**Task requirements:** Instruction for the entries below: return the part that opens with the line containing "2023年11月10日上午,由江苏省总工" and closes with the line containing "Лифт опускается в", exactly, and no pictures.

**Record set:**
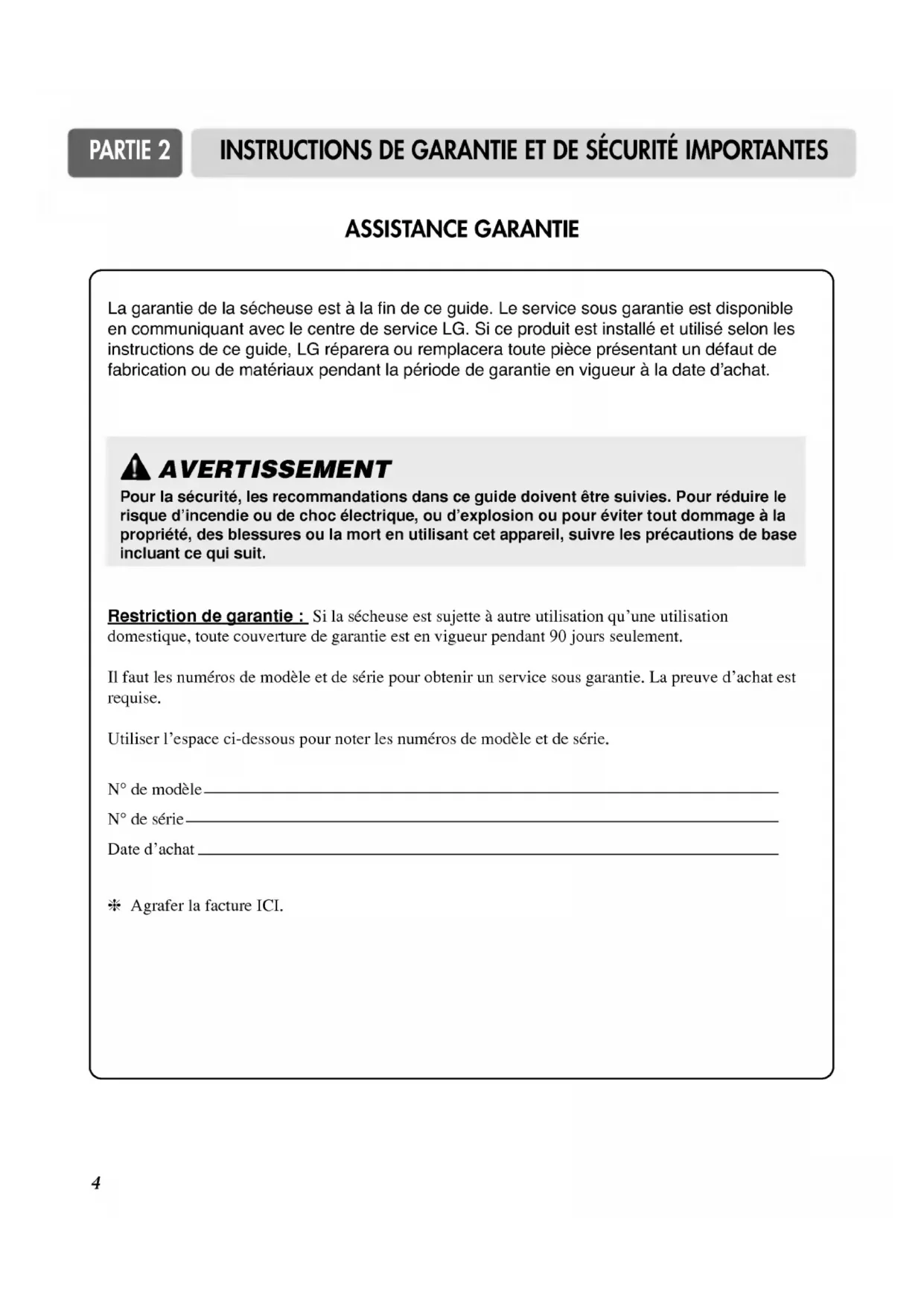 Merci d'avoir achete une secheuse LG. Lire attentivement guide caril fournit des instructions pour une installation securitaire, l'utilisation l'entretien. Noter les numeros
...
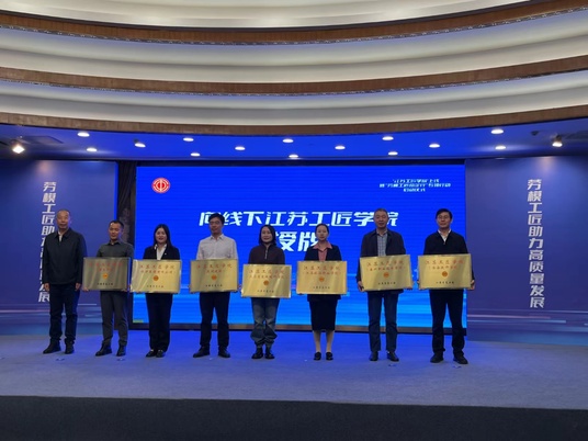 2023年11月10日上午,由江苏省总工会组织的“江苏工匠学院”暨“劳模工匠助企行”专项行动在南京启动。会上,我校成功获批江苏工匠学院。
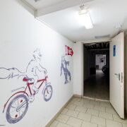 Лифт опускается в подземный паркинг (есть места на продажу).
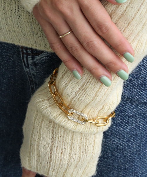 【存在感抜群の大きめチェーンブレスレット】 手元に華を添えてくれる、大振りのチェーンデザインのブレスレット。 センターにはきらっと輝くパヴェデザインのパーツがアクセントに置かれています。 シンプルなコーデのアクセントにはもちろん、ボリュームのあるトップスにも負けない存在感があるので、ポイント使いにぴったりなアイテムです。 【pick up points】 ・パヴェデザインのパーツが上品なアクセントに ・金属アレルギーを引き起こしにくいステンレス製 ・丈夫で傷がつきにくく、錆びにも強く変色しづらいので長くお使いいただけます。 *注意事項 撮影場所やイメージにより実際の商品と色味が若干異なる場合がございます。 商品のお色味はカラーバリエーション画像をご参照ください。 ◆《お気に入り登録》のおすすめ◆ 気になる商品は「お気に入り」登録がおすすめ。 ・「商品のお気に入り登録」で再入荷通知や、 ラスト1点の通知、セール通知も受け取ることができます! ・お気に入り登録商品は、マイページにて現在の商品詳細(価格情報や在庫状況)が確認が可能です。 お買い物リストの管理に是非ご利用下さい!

**Task response:**
 2023年11月10日上午,由江苏省总工会组织的“江苏工匠学院”暨“劳模工匠助企行”专项行动在南京启动。会上,我校成功获批江苏工匠学院。
 Лифт опускается в подземный паркинг (есть места на продажу).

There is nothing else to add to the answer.